**Collected data**.
============
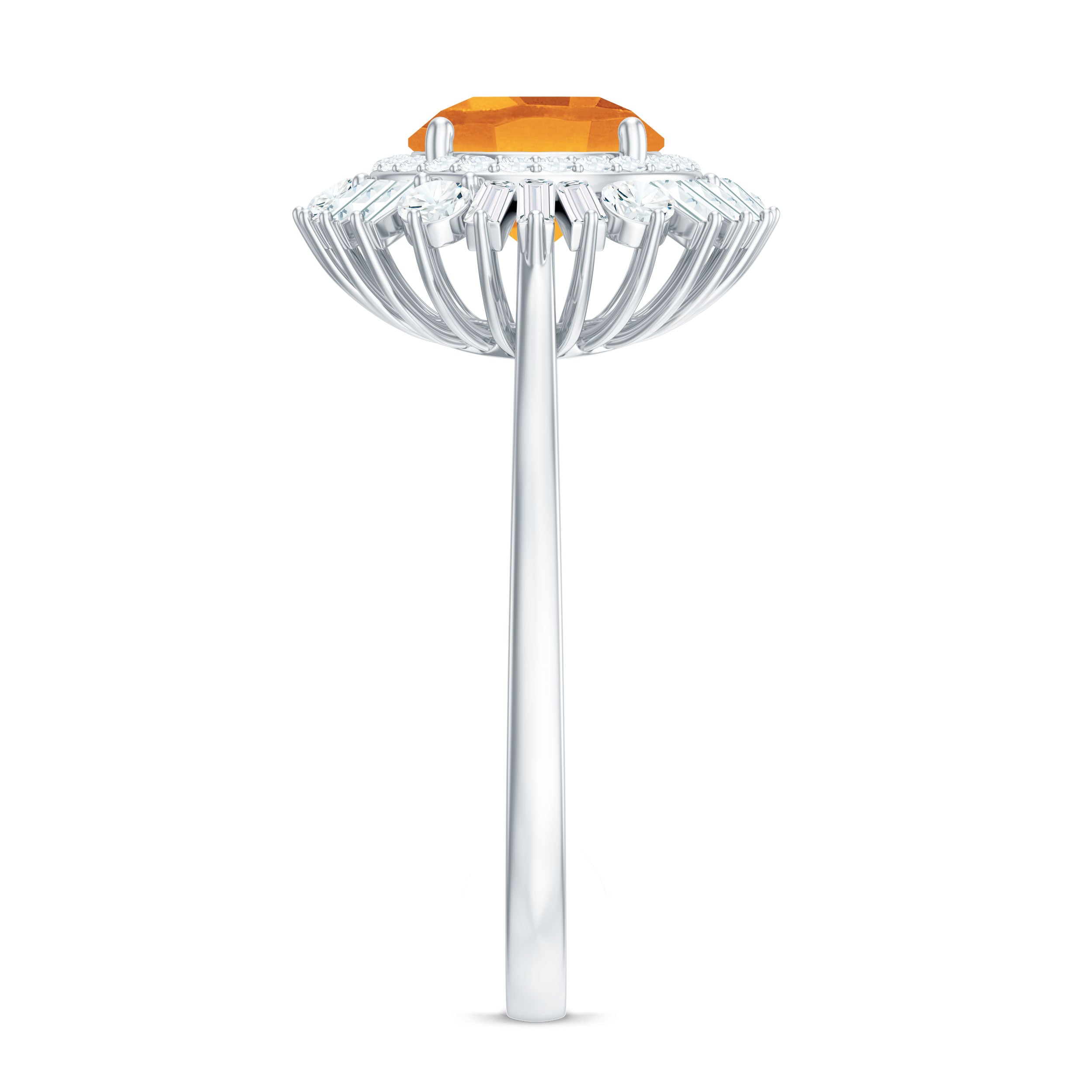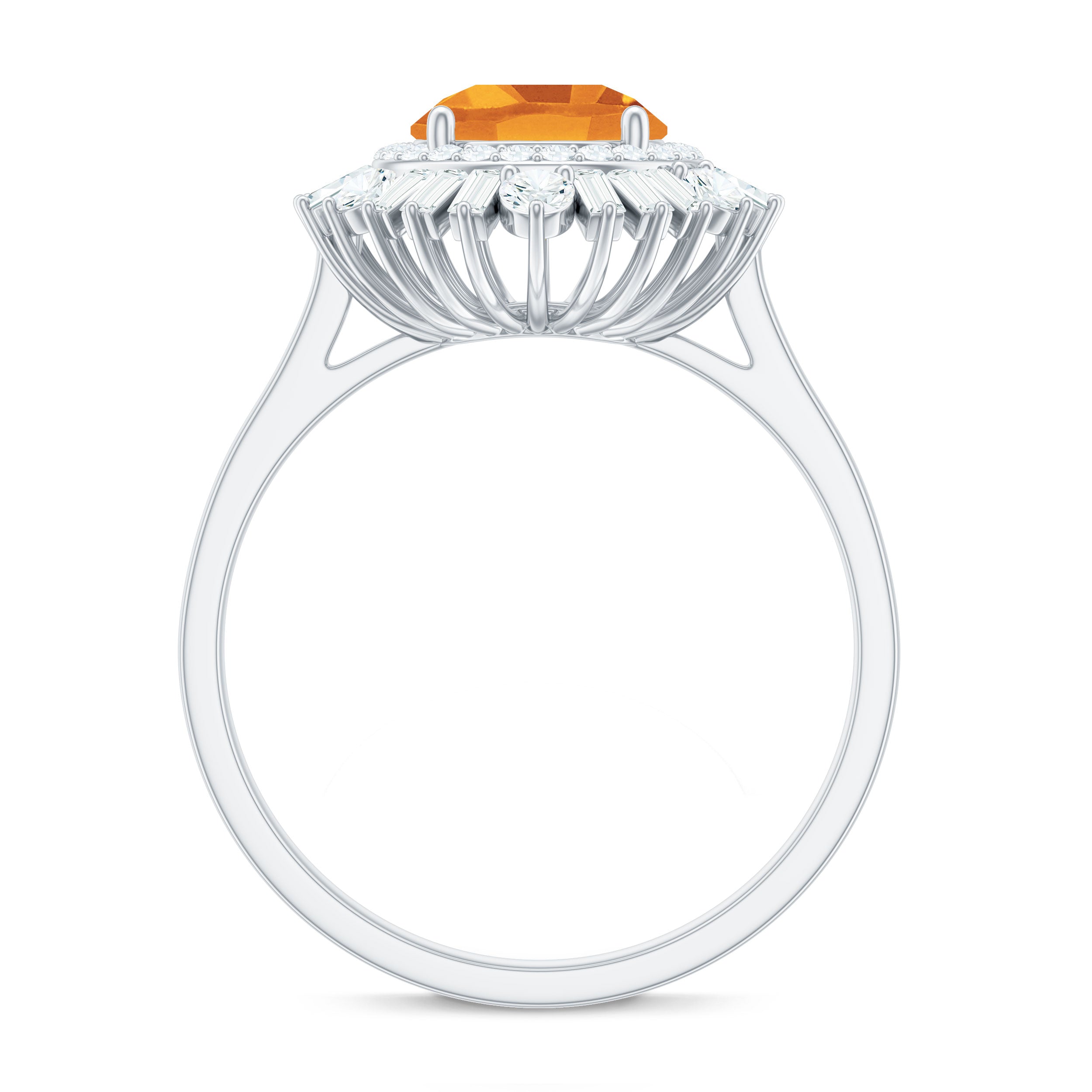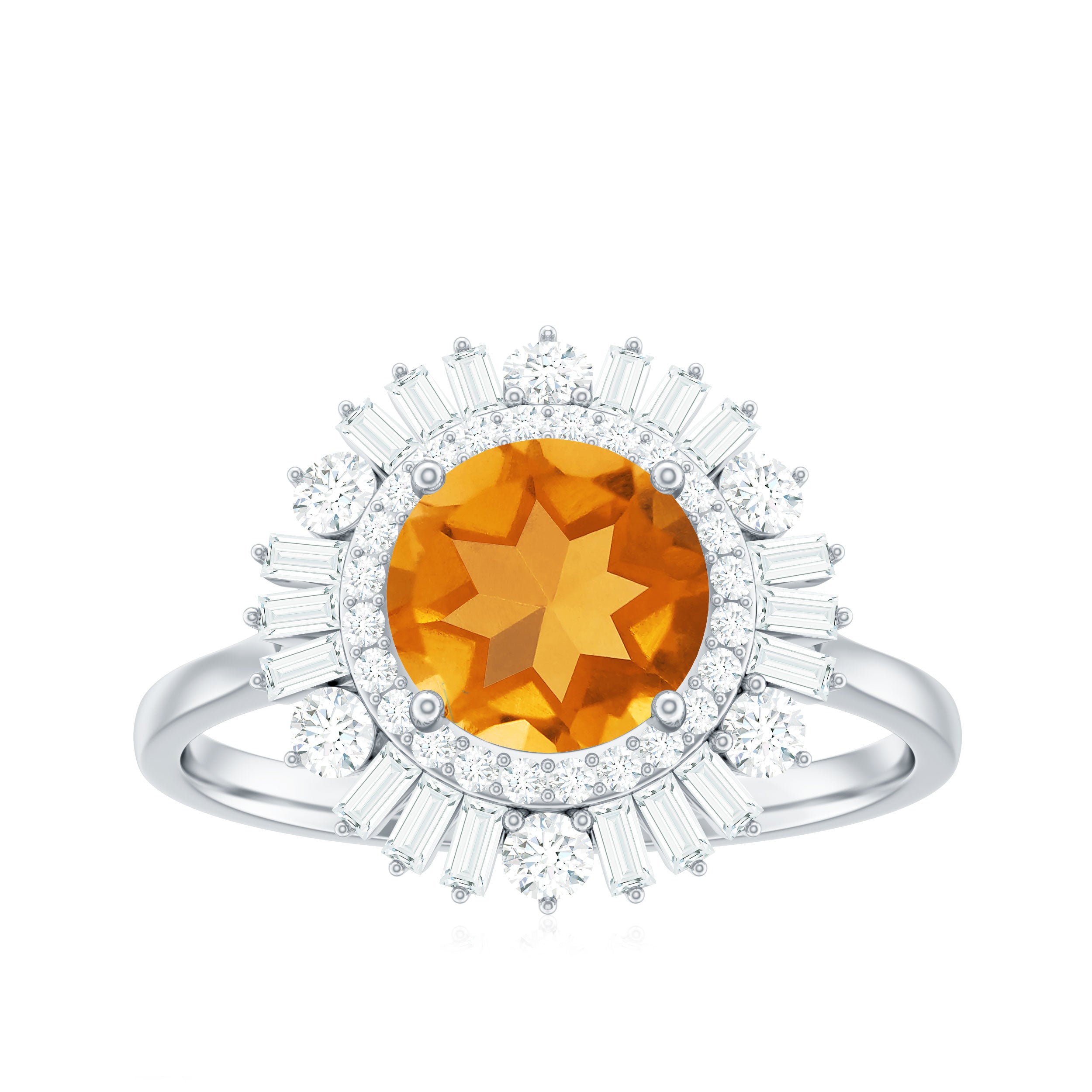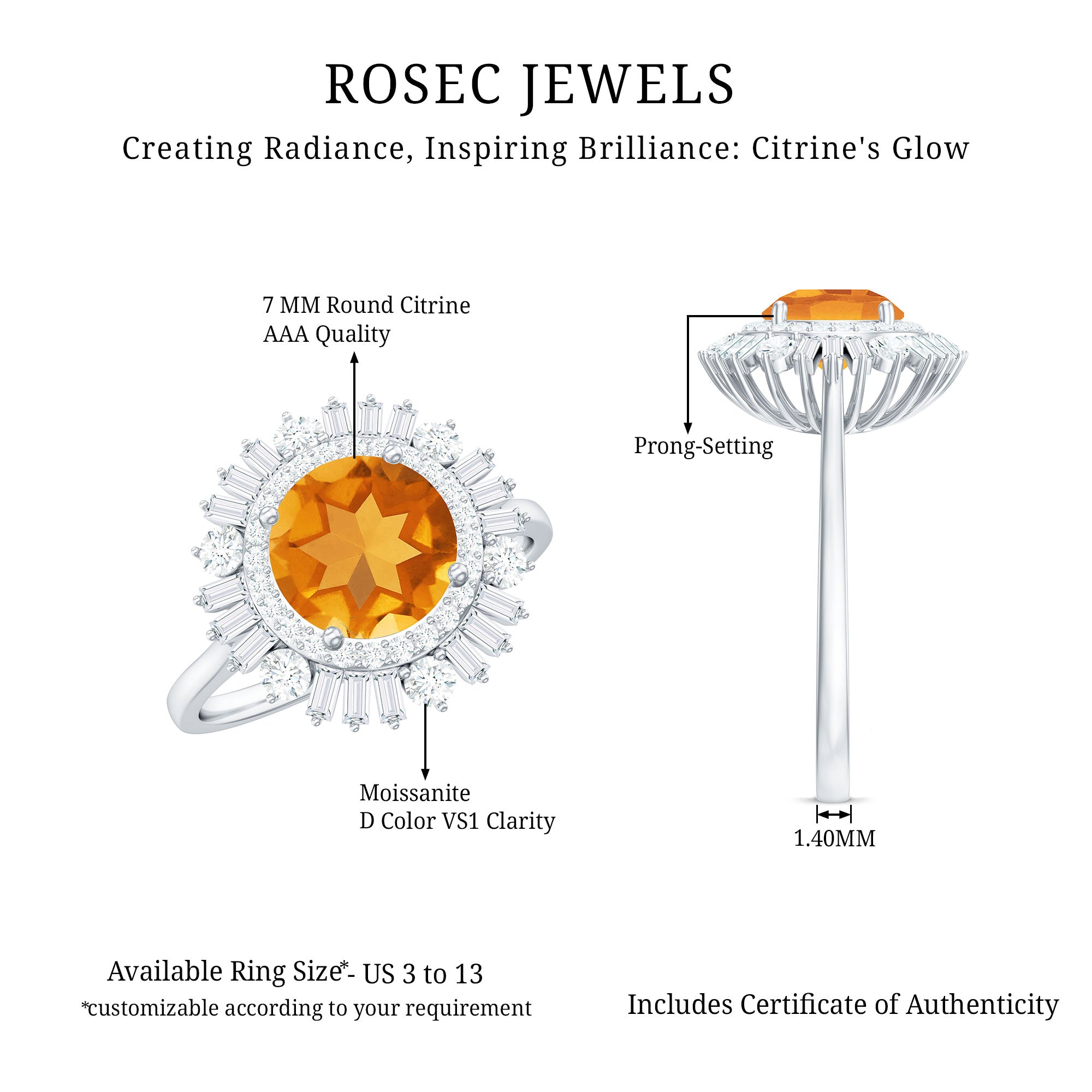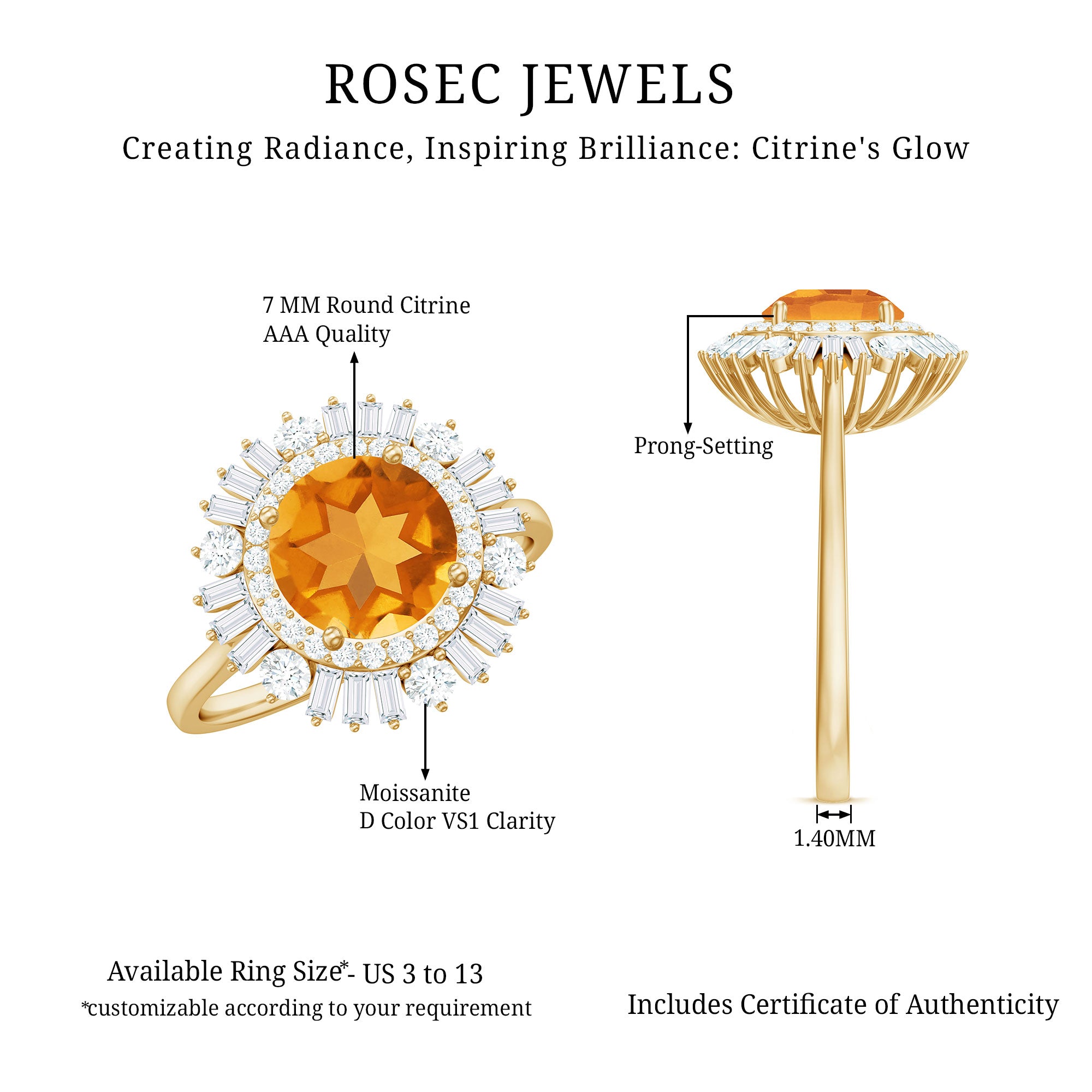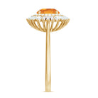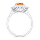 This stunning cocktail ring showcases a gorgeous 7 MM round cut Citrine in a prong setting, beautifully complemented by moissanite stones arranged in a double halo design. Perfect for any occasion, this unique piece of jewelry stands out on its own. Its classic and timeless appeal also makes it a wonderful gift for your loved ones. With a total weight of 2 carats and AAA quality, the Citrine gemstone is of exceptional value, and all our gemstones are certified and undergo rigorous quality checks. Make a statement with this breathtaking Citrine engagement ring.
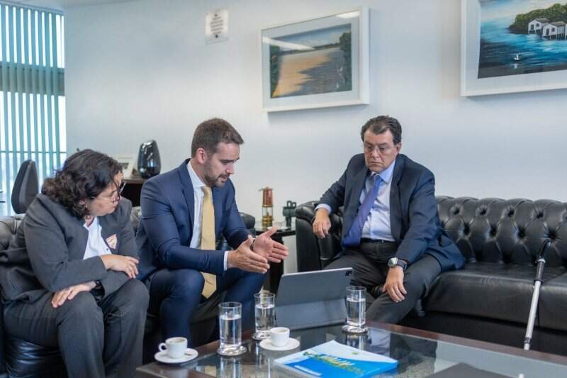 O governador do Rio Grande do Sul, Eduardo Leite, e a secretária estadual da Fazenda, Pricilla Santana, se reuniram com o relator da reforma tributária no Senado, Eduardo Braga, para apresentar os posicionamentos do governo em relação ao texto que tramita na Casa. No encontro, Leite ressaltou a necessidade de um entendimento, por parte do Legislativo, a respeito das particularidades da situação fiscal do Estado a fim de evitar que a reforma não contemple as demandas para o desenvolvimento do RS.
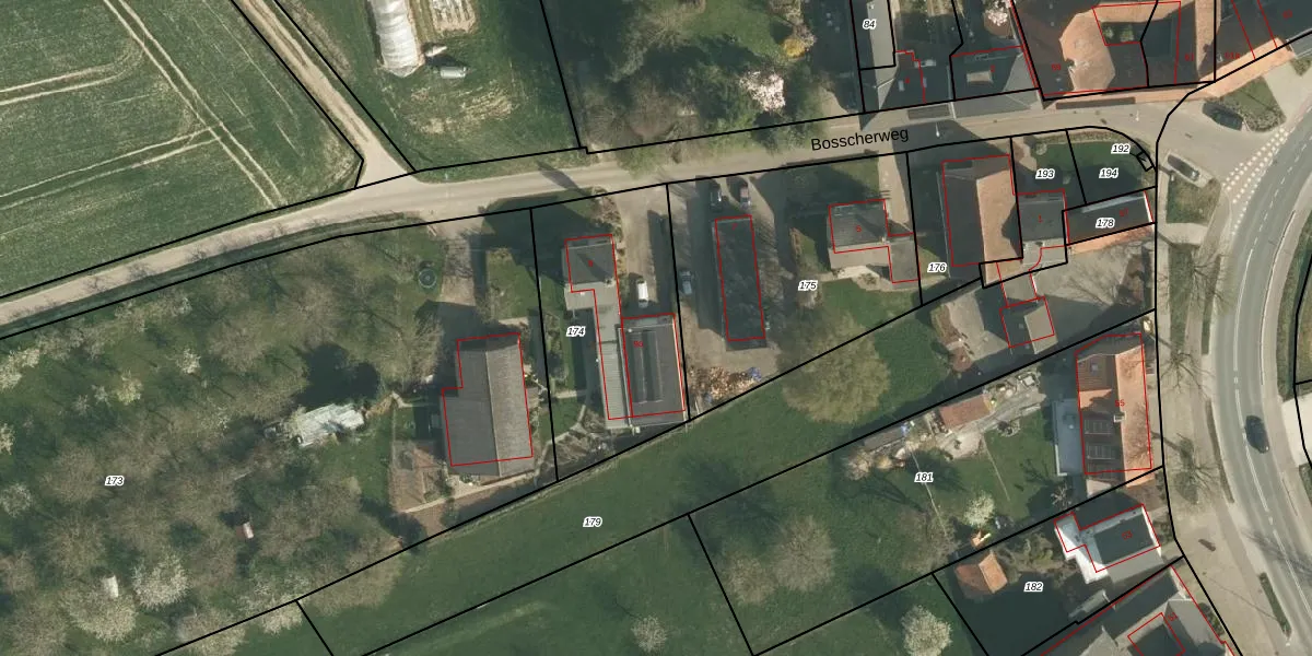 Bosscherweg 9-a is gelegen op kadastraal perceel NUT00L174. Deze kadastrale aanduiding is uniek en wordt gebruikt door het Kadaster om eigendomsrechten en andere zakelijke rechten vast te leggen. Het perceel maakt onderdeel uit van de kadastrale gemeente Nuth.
============
**Exercise goal**.
Give back every line of the material above word for word, leaving out the pictures.

**Response to the task**.
 This stunning cocktail ring showcases a gorgeous 7 MM round cut Citrine in a prong setting, beautifully complemented by moissanite stones arranged in a double halo design. Perfect for any occasion, this unique piece of jewelry stands out on its own. Its classic and timeless appeal also makes it a wonderful gift for your loved ones. With a total weight of 2 carats and AAA quality, the Citrine gemstone is of exceptional value, and all our gemstones are certified and undergo rigorous quality checks. Make a statement with this breathtaking Citrine engagement ring.
 O governador do Rio Grande do Sul, Eduardo Leite, e a secretária estadual da Fazenda, Pricilla Santana, se reuniram com o relator da reforma tributária no Senado, Eduardo Braga, para apresentar os posicionamentos do governo em relação ao texto que tramita na Casa. No encontro, Leite ressaltou a necessidade de um entendimento, por parte do Legislativo, a respeito das particularidades da situação fiscal do Estado a fim de evitar que a reforma não contemple as demandas para o desenvolvimento do RS.
 Bosscherweg 9-a is gelegen op kadastraal perceel NUT00L174. Deze kadastrale aanduiding is uniek en wordt gebruikt door het Kadaster om eigendomsrechten en andere zakelijke rechten vast te leggen. Het perceel maakt onderdeel uit van de kadastrale gemeente Nuth.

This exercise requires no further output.